10

A GINEVRA ESTO LE partía el corazón. A penas el túnel se desplomó, Hazel lloró como Magdalena. Ella golpeó las piedras con los puños y gritó juramentos por los que las monjas le habrían lavado la boca con jabón.

—Hazel, cariño... —decía Ginny suavemente mientras alejaba a la rizada de las piedras del túnel—. Busquemos una solución, ¿si?

—Lo siento —se enjugó la cara— Frank está... está...

—Escucha —dijo Leo—, Frank Zhang sabe defenderse. Probablemente se convierta en canguro y les haga unos movimientos de jiu-jitsu marsupial en pleno careto.

La rubia sonrió mientras ayudaba a su amiga a levantarse. Discretamente se puso a buscar una manera de salir a su alrededor.
—Lo siento, Leo —dijo Levesque.

Él arqueó una ceja.
—Vale. ¿Por qué?

—Por... —señaló a su alrededor en un gesto de impotencia—. Por todo. Por creer que eras Sammy, por darte falsas esperanzas. O sea, no era mi intención, pero si lo hice...

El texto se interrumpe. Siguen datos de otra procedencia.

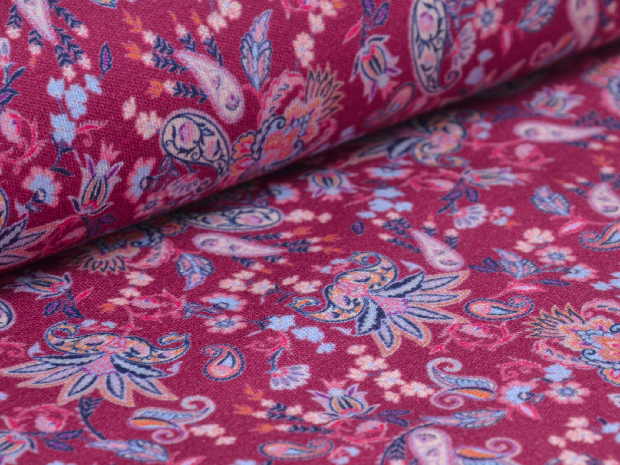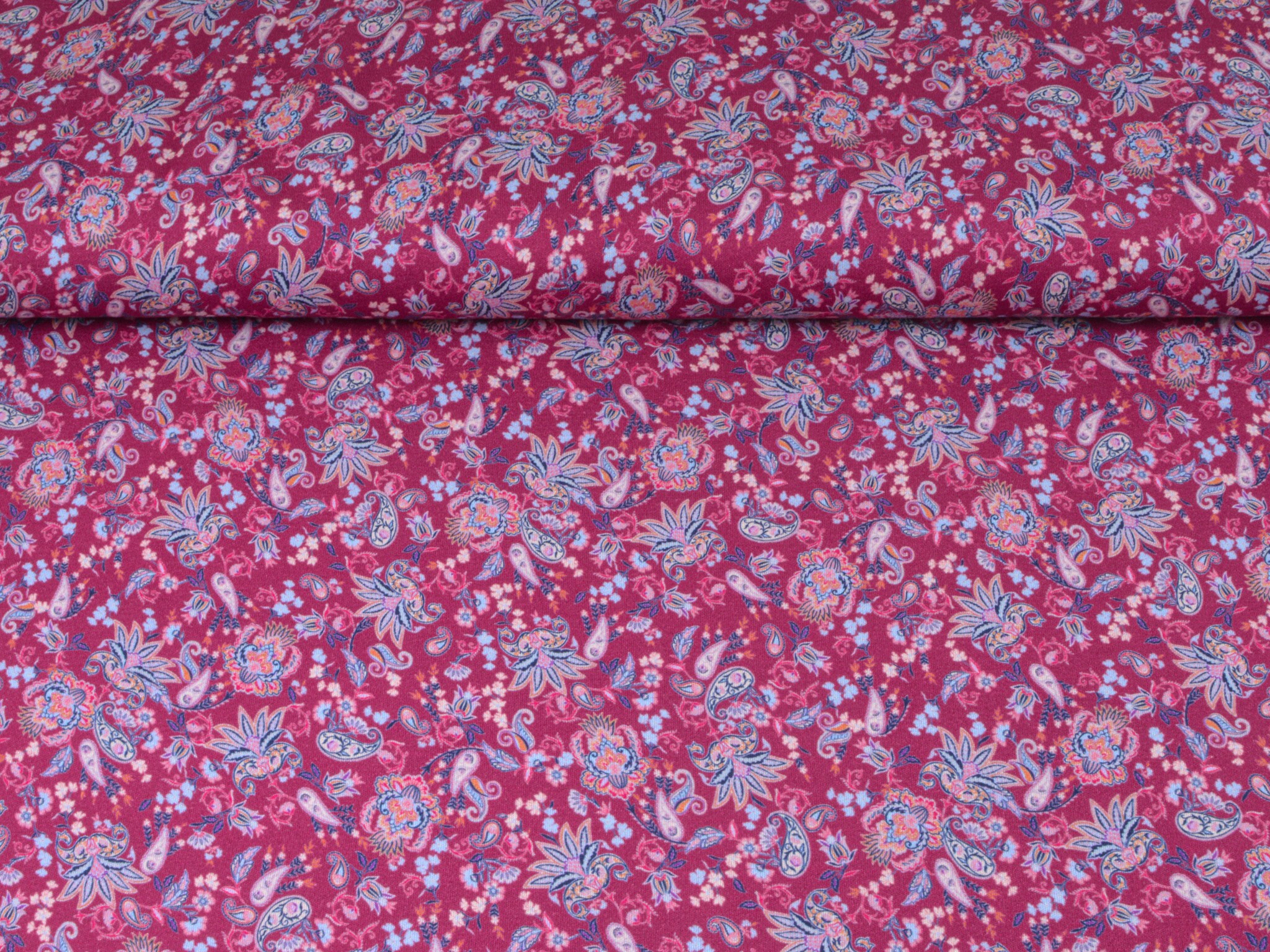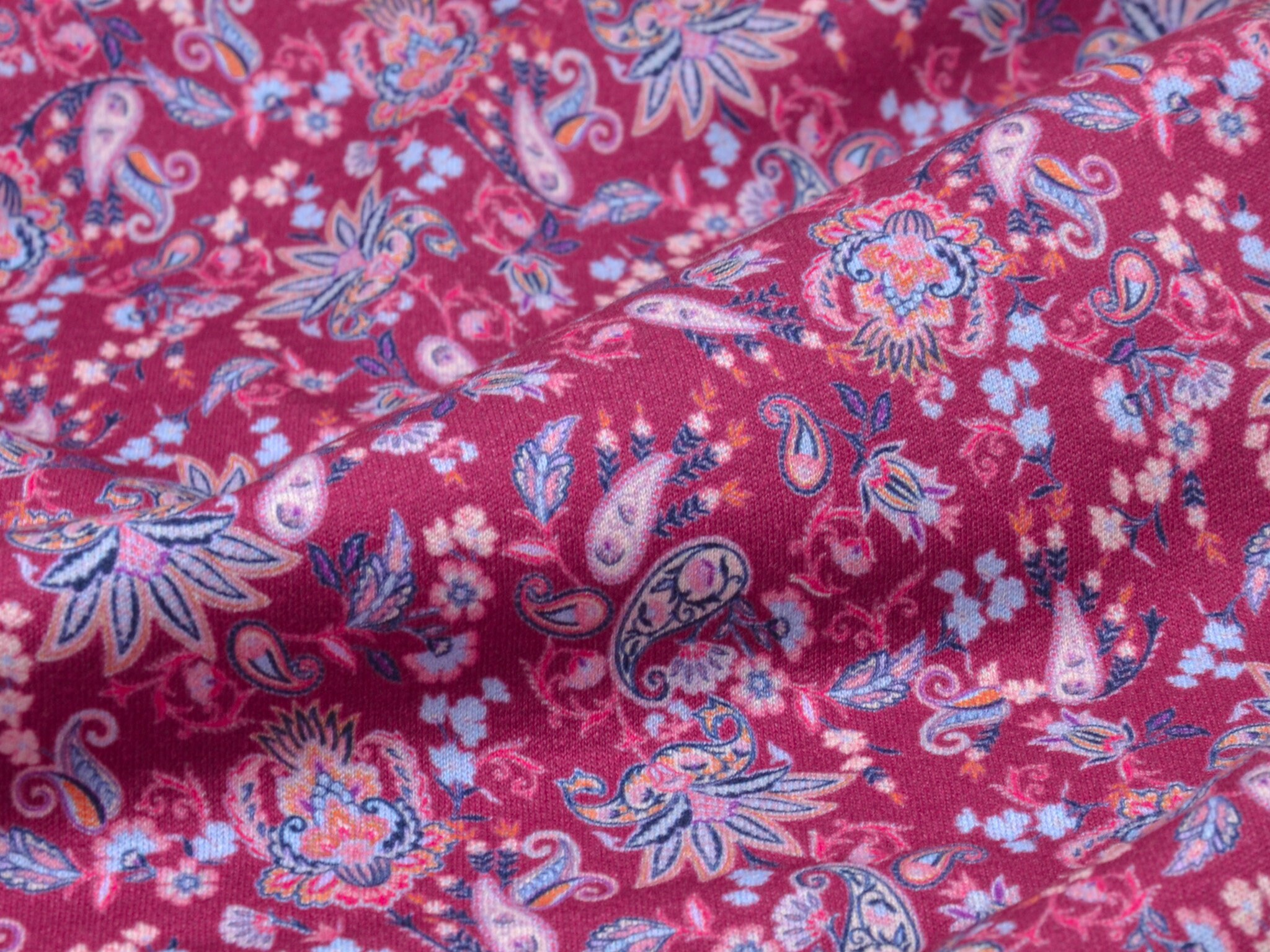 Hochwertiger Interlock-Jersey aus dem Hause Westfalenstoffe. Der Jersey zeigt Blumen und ein Paisley-Muster. Du kannst aus dem Stoff wunderschöne T-Shirts, Pumphosen, Kleider und so vieles mehr nähen.

—Oye —él le apretó la mano, aunque no percibió nada romántico en el gesto—. Las máquinas están pensadas para trabajar.

—¿Qué?

—Yo creo que el universo es básicamente una máquina. No sé quién lo creó, si las Moiras, los dioses, el Dios con mayúscula o quien fuese, pero la mayoría del tiempo funciona como tiene que funcionar. Sí, de vez en cuando algunas piezas se rompen y hay cosas que se averían, pero la mayoría de las veces... las cosas ocurren por un motivo. Como el hecho de que tú y yo nos conociéramos.

—Leo Valdez —dijo Hazel asombrada—, eres un filósofo.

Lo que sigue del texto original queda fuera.